Ned Rorem, a Pulitzer Prize-winning composer, died Nov. 18 at his home in Manhattan. He was 99. Rorem first gained fame when he was in his 20s as a composer of “art songs”. By the time he was 40, he had written more than 400 such songs, as well as three symphonies, several one-act operas and a great deal of chamber music, making him one of America’s most prolific composers. He won the Pulitzer Prize for composition in 1976 for Air Music, an orchestral suite.
Rorem composed several operas and wrote stage music. He continued to write numerous compositions in the 1980s and 1990s, including the Violin Concerto and the Organ Concerto in 1984. Other important works include Spring Music (premiered in 1991 by the Beaux Arts Trio on the occasion of the 100th anniversary of Carnegie Hall) and Concerto for English Horn and Orchestra, premiered in 1993. Rorem considers the song cycle Evidence of Things Not Seen (1998) to be the conclusion of his entire vocal oeuvre to date. New works have also been written in the 21st century, including a Cello Concerto, a Flute Concerto, and a Concerto for Melodic Percussion Instruments (premiered by Evelyn Glennie in 2004).

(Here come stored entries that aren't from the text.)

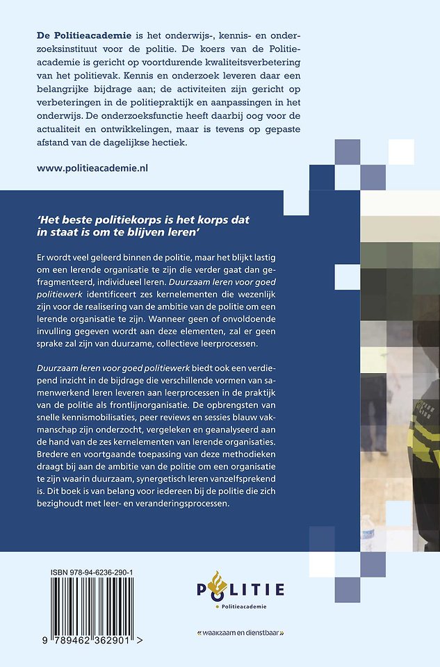 Er wordt veel geleerd binnen de politie, maar het blijkt lastig om een lerende organisatie te zijn die verder gaat dan gefragmenteerd, individueel leren. Duurzaam leren voor goed politiewerk identificeert zes kernelementen die wezenlijk zijn voor de realisering van de ambitie van de politie om een lerende organisatie te zijn. Wanneer geen of onvoldoende invulling gegeven wordt aan deze elementen, zal er geen sprake zal zijn van duurzame, collectieve leerprocessen.
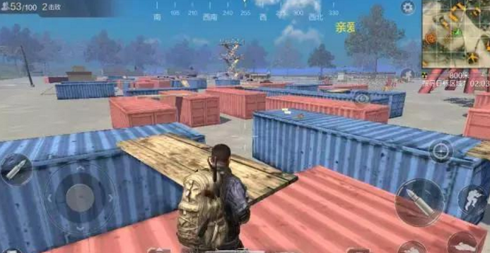 物资道具都分布在集装箱顶部,需要从斜板爬上去才能捡得到,在不确定附近是否有人的情况下,建议捡到枪就跳下来。毕竟当你站集装箱上时,对手即便是个小聋瞎也能轻易发现你。
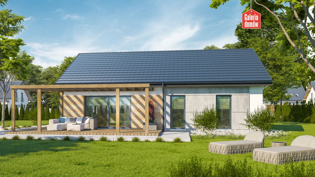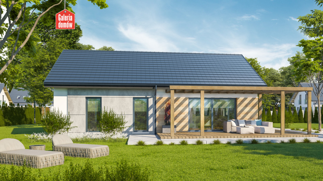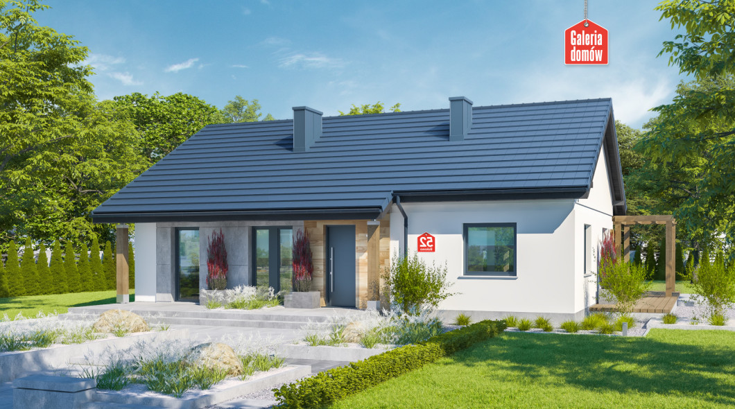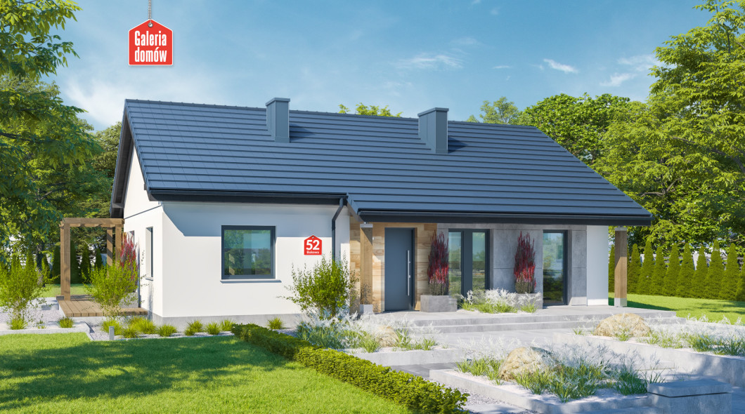Dom przy Bukowej 52 to projekt domu jednorodzinnego o niewielkich rozmiarach i prostej konstrukcji. Parterowy dom o powierzchni użytkowej 95m². Dach o kalenicy równoległej do drogi, symetryczny, dwuspadowy o kącie nachylenia 30 stopni. Ogrzewanie podłogowe pompą ciepła lub kotłem gazowym.
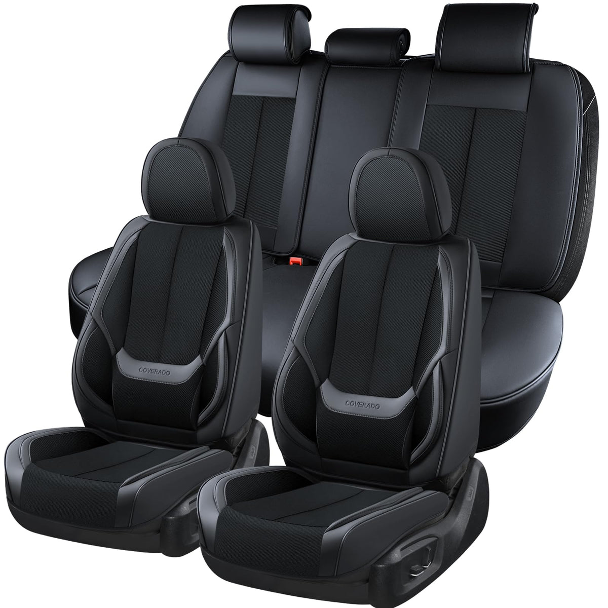 Coverado Front And Back Seat Covers 5 Pieces, Full Set Universal Seat Covers For Cars, Breathable Fabric&Leather Car Seat Protec
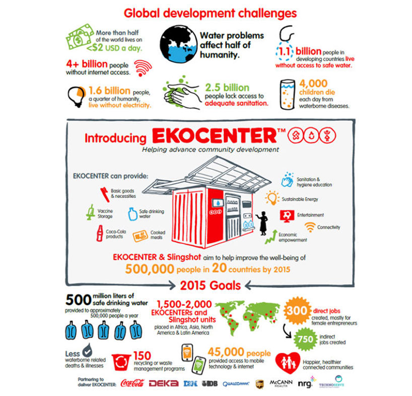 To help provide communities in need with access to safe drinking water and other basic necessities, the coca-cola company, together with DEKA R&D have launched ‘EKOCENTER’ – modularly designed kiosk, which has been transformed from a 20-foot shipping container – with the ‘slingshot’ water purification system housed within a community center. The initiative aims to improve the holistic well-being of developing communities around the world, focusing on those within the ‘bottom of the pyramid’, the largest, poorest socio-economic group – representing nearly 4 billion people who live on less than us$2 per day. EKOCENTER is a modularly designed kiosk with ‘slingshot’ technology at its core, transformed from a shipping container with solar panel awnings into a local community hub, offering clean, safe drinking water, alongside other services, such as access to wireless communication, electricity, vaccination storage, and more tailored to address community needs. The ‘slingshot’ water purification system developed in partnership with DEKA R&D – uses vapor compression distillation technology to turn any source of dirty water – river water, ocean water and even raw sewage – into safe, clean drinking water. The system delivers approximately 800 liters of clean water daily at the hourly electricity cost of less than a standard handheld hair dryer (1kwh).
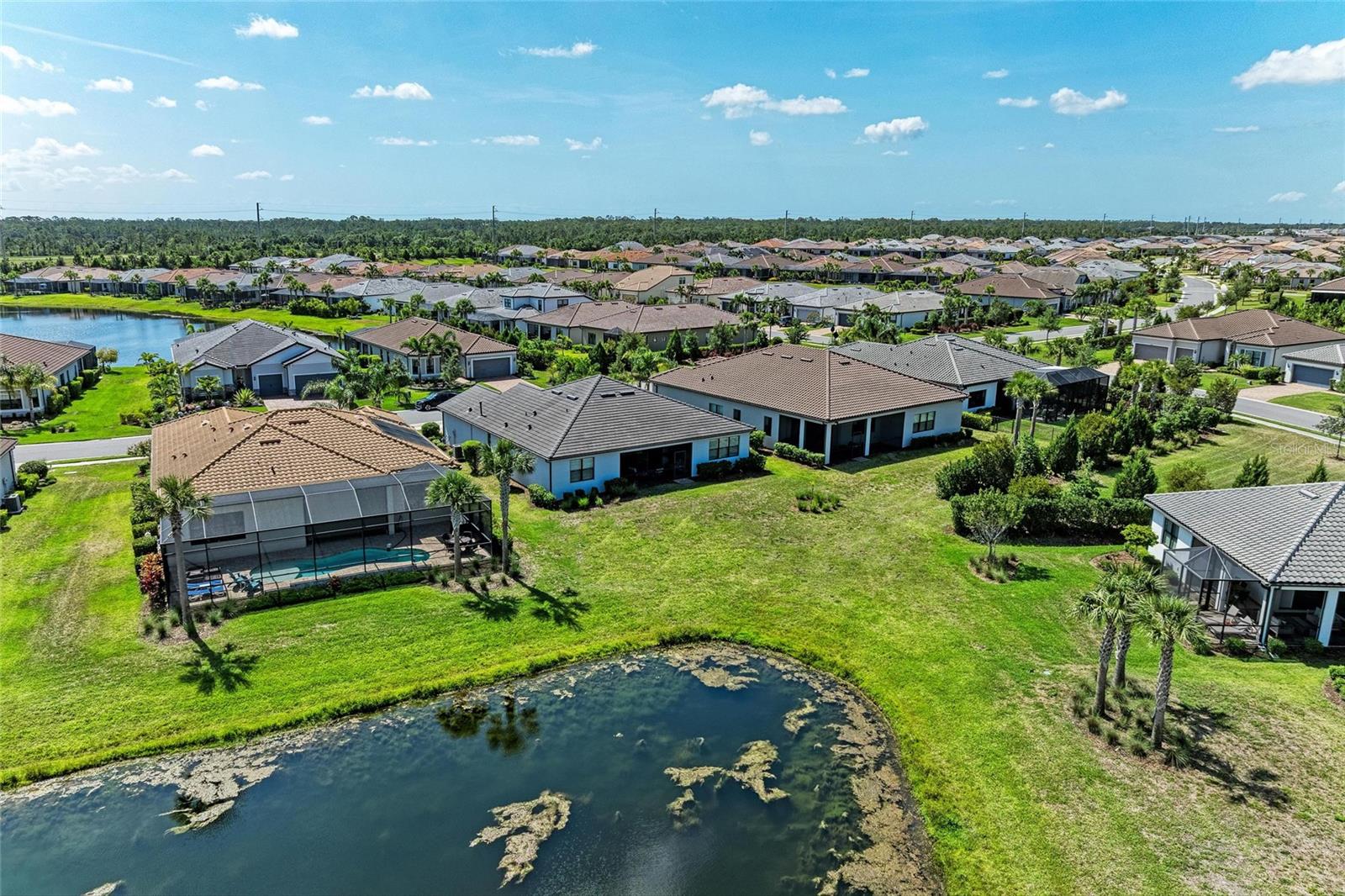 Nestled in the heart of Del Webb at Lakewood Ranch. A premier active lifestyle 55+ community. This STARDOM model blends modern comfort with timeless design. Boasting 2 master bedroom suites with a split floorplan for privacy, 2.5 bathrooms, and a flexible den/home office. Thoughtfully designed for both everyday ease and effortless entertaining. This open floor plan with over 2,200 square feet of living area screams of quality upgrades and seamlessly blends indoor and outdoor living with the 15' wide sliding glass doors to the lanai, flooding the home with natural light. Step outside to your screened lanai, perfect for morning coffee or unwinding in the evenings The gourmet kitchen takes center stage with its oversized island ( 3 inches short of 12'), quartz countertops, marble tile backsplash, built-in Kitchen Aid appliances, and walk-in pantry—making meal prep a breeze. The owner's suite is a true sanctuary with plantation shutters for privacy and the en-suite featuring dual sinks, walk-in shower, and generous walk-in closet. Storage space is more than ample throughout the home besides the over-sized laundry room, closet space, kitchen island tastefully designed lower cabinetry, coat closet etc. The extended garage provides more storage or hobby space or golf cart space all set on a well-sized 0.21-acre lot. Residents enjoy resort-style amenities including a clubhouse, fitness center, pools, pickleball, tennis, walking trails, and a full calendar of social events. Just minutes from dining, shopping, medical care, and world-famous Gulf beaches. Live the lifestyle you’ve earned—schedule your showing today!!!
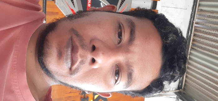 A man with dark, curly hair and a beard poses for a close-up shot. He's wearing a peach-colored shirt. His eyes are open and he's looking at the camera. The background includes wooden surfaces and a metal structure with visible panels. He appears to be indoors.
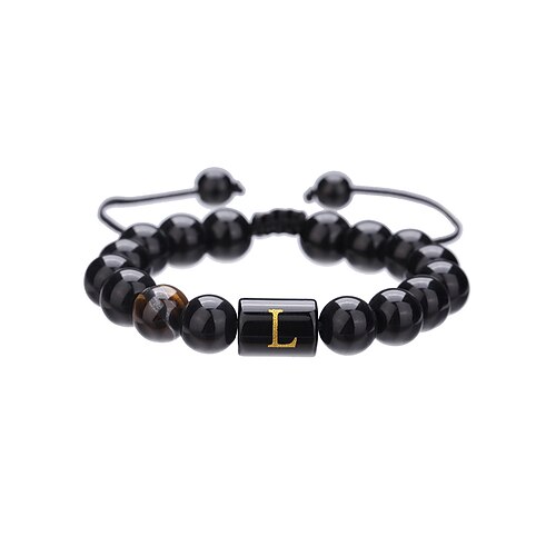 Bracciale regolabile da uomo in pietra naturale con design a lettere dell'alfabeto, personalizzabile con 26 lettere, perfetto come regalo, per occasioni casual e speciali
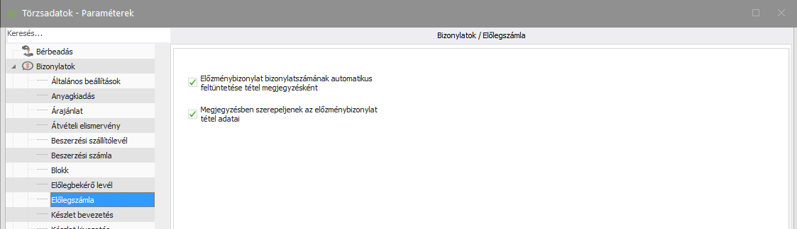 | Korábbi időszaki teljesítésű pénzügyi tételek rögzítése | Beállítása esetén: A rendszer üzenetet küld, ha a felhasználó olyan számlát rögzített a rendszerben, amely teljesítése az elmúlt hónapra esett. Az értesítő tartalmazza a bizonylat főbb adatait is. |
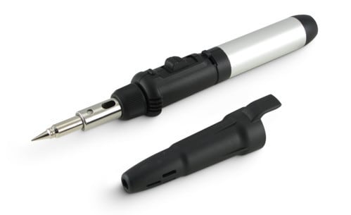 Il saldatore miniaturizzato in formato tascabile con accensione piezoelettrica è la soluzione ideale per tutti i compiti di saldatura dove non è disponibile la rete elettrica. Torcia con punta e tappo di saldatura Con accensione piezoelettrica automatica Con serratura di sicurezza Lunghezza fiamma: 55mm (regolabile) Temperatura saldante: 210 ~ 450 ° C Torcia: 1300 ° C Capacità contenitore gas: 17ml Tempo di funzionamento (un riempimento di gas): 60 minuti, a metà di impostazione. Butano non incluso ** Caratteristiche Generali ** Alimentazione: Gas Tipo Gas: Butano Durata Carica: 60min Funzioni: Saldatore, Aria calda Temperatura: 210/450°C Materiale corpo: Plastico Dimensioni: 245mm x 35mm Stile punta: Conica
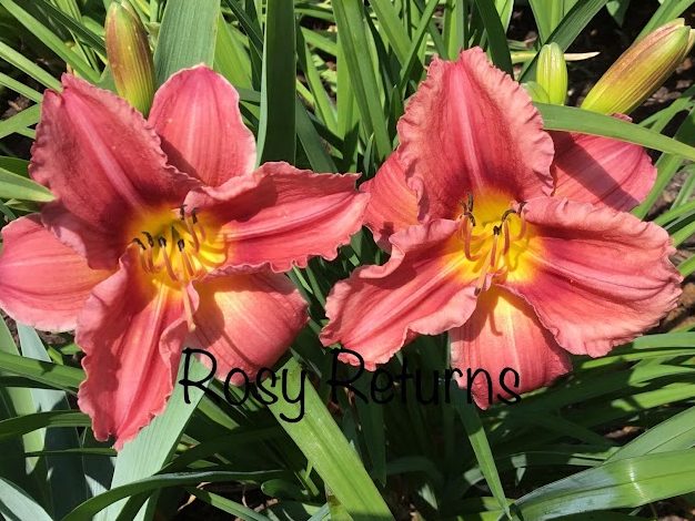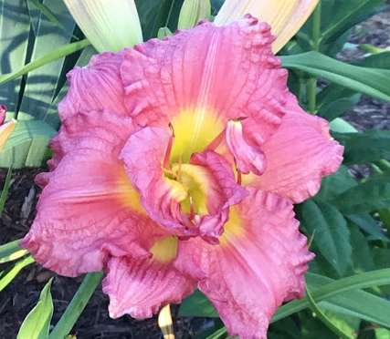 Rose-pink flowers, deep rose eye & yellow throat. It's a compact, early bloomer blooming consistently from June to frost.
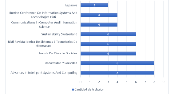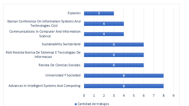La figura 3 representa las fuentes de publicación donde con mayor frecuencia publicaron autores ecuatorianos trabajos relacionados con la temática analizada. Al respecto, “Advances in Intelligent Systems and Computing” es una serie de libros y actas de conferencias publicadas por Springer que abarca temas relacionados con la inteligencia artificial, la informática y la ingeniería, poseyó la mayor cantidad de trabajos, un total de 8 al igual que "Universidad y Sociedad”, que es una revista cubana de carácter interdisciplinario y que publica temáticas relacionadas con las áreas de la vida social, ciencias humanísticas, económicas, técnicas. Seguido con 6 trabajos por tres revistas: Revista de Ciencias Sociales (Venezuela); Risti (Portugal); y Sustainability Switzerland (Suiza). Llama la atención que ninguna de las revistas analizadas pertenece a alguna institución de Ecuador.

In 1966 he published The Paris Diary of Ned Rorem. This was followed by Later Diaries 1951–1972 (1974) and The Nantucket Diary of Ned Rorem, 1973–1985 (1987). In them he is always candid, and open about his and other men’s sexuality, describing his relationships with Leonard Bernstein, Noël Coward, Samuel Barber, and Virgil Thomson, and outing several others. Rorem also had a short affair with writer John Cheever.